Some may be interested to hear, then, that their taxes were used to help produce the character study, which has had an underwhelming first few weeks at the US box office. Irish company Tailored Films was a co-producer of the film, and the latest list of beneficiaries of section 481 funding shows it received the tax break in August for post-production work in the Dublin region. While Revenue doesn’t disclose how much each film gets from the scheme, it’s listed in the “less than €500,000″ category. The film also got €350,000 in funding from Screen Ireland, the semi-State body.
So next time you’re looking gloomily at how much Revenue has taken out of your pay cheque, console yourself with the thought that at least some of it was used to help infuriate Trump.
Web Summit, which is taking place in Lisbon next month, describes itself as one of the world’s largest gatherings of international media with attendees from influential organs such as the New York Times, CNN, Wired, Bloomberg, the Wall Street Journal, BBC and the Financial Times. But the Irish media seems to have fallen out of love with the annual shindig for tech bros hoping to become unicorns.
While there are hundreds of journalists accredited so far to attend from countries such as the UK and United States, only a handful of Irish journalists have signed up to attend a month from the event.

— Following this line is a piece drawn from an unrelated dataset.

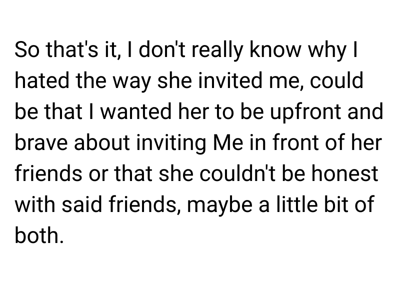 Maybe she didn’t intend any harm, and maybe I expected a different level of openness from her. But feelings are still feelings, and it’s okay to acknowledge when something doesn’t sit right with you. The important part is learning from the moment rather than holding onto frustration.

There will be at least 17 reporters from the United Arab Emirates, 21 from Qatar and more than a dozen from China but only four have signed up from Ireland’s “useless and toothless” legacy media, as Web Summit organiser Paddy Cosgrave calls them – that’s fewer than from Ghana or Lithuania.
Was it something he said?
Pearse Doherty declared an interest in the Dáil during a debate on the gambling regulation Bill on Wednesday. The Sinn Féin spokesman on finance said he was involved in a not-for-profit organisation that runs a local music festival in Co Donegal.
“In raising money for that, we operate a lottery licence. This legislation will affect us and many of the people with whom we compete who operate outside of current regulations and will be dealt with,” he said.

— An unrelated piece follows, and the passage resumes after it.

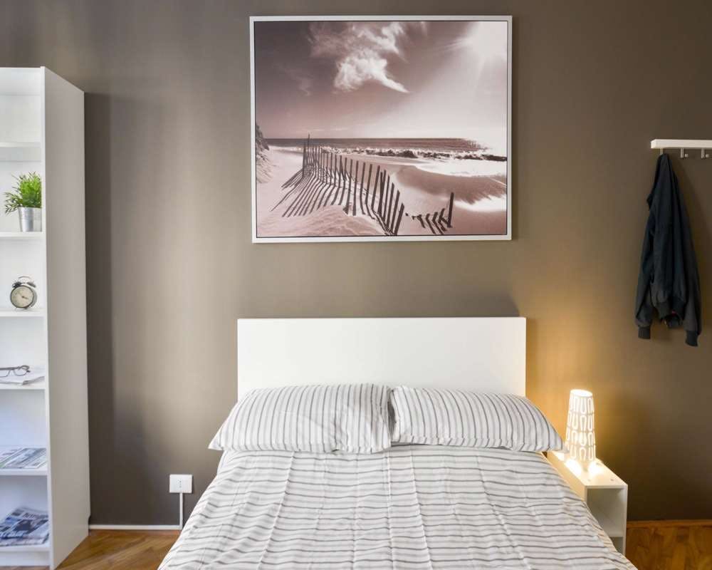 Single room in a shared apartment, composed by 4 bedrooms and 1 bathroom. Of about 19 sqm with a one and a half bed and a work station. With wifi, bike parking, dishwasher, washing machine. Energy class: G, IPE 163.59 Kwh/Sqm year. Current tenants: 1: 22, Female, Student 3: 23, Male, Student 4: 27, Male, Student Please be aware that HousingAnywhere is an online booking platform. Therefore exchanging contact details and offering viewings is not possible. If you would like to reserve this accommodation, send me a booking request or a message and please mention your age and occupation. I look forward to talking to you! CONTRACT Please, note that to all our listings we apply fortnightly contracts. This means that If you check-in during the first half of the month, you will be charged for the full month. If you check-in during the second half of the month, you will only be charged for the second half. The second half of the month starts on the 16th. If you check-out during the first half of the month, you will only pay until the 15th of that month. If you check-out during the second half of the month, you will be charged the full month....

The music festival turns out to be the annual Sult festival in Gweedore, which takes place every summer. Last year’s concerts, which started on the glorious July 12th, included Bell X1, Alabama 3, rapper Example and the fantastically titled Red Hot Chilli Pipers. The Scottish pipe band mostly do covers of rock songs, including Don’t Stop Believin’ by Journey – an anthem for Doherty’s beleaguered party heading into a general election on the back foot.
A tender from the Prison Service offers an insight into the reading habits of those serving sentences at the State’s pleasure. Ireland’s almost 5,000-strong prison population can look forward to titles on health, fitness, wellbeing, crafts and history in the near future. The Prison Service has told book suppliers it wants “a strong emphasis on Irish-published titles and titles of Irish interest”, including books as Gaeilge for those “wishing to refresh their knowledge of the language having learned it in school”.

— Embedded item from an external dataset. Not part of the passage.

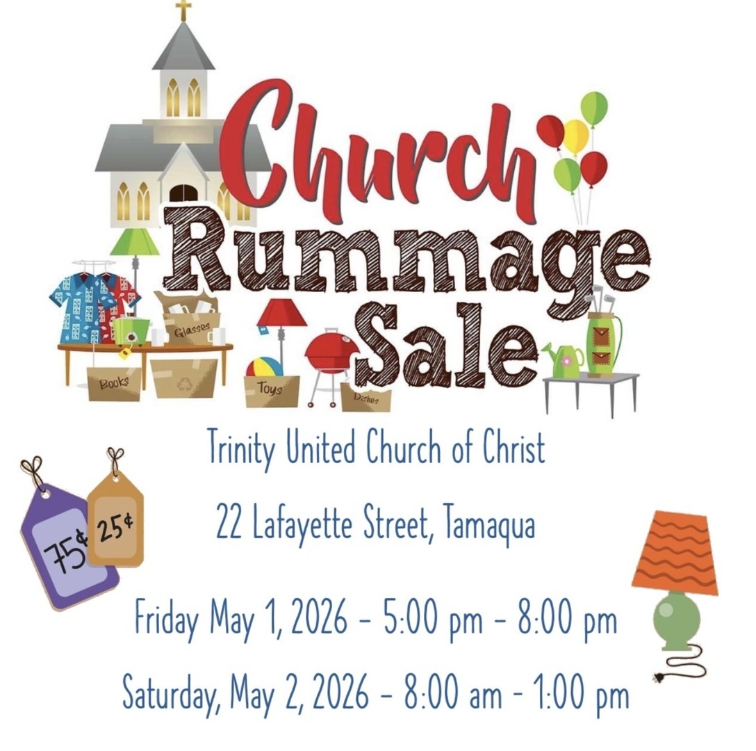 HomeEventsRummage sale Rummage sale Friday, May 01, 2026 5:00 PM - 8:00 PM 5:00 PM - 8:00 PM See all dates and Times Trinity United Church of Christ Parking Deals Get a Ride LYFT UBER Add to Calendar 05/01/2026 05:00 PM 05/01/2026 08:00 PM America/Anguilla Rummage sale Lots of items for sale, cheap Details & Tickets: https://www.upcomingevents.com/allentown/events/trinity-united-church-of-christ-/rummage-sale-638753?ref=uceaddevent Trinity United Church of Christ , 22 Lafayette Street, Tamaqua, PA, 18252 Set Reminder Categories Fundraising & Charity, Neighborhood Neighborhoods Briar Creek (Berwick)Foundryville (Berwick)Breinigsville (Upper Macungie)East Berwick (Berwick) Lots of items for sale, cheap

Genres popular with the prison population include sci-fi, self-help and, for those eager to learn the error of their ways, true crime. But the most-sought-after titles turn out to be fantasy books, which the Prison Service describe as “particularly popular”.
“We would put a particular emphasis on the tenderer’s ability to supply complete sets of, or missing volumes from, fantasy series, as in our experience they can go out of print unexpectedly,” the tender advises. Given recent revelations in this newspaper about prison overcrowding leading to a 66 per cent increase in inmate-on-inmate assaults last year, we can see why dystopian, Hunger Games-style fiction might be resonating with those incarcerated in Irish jails.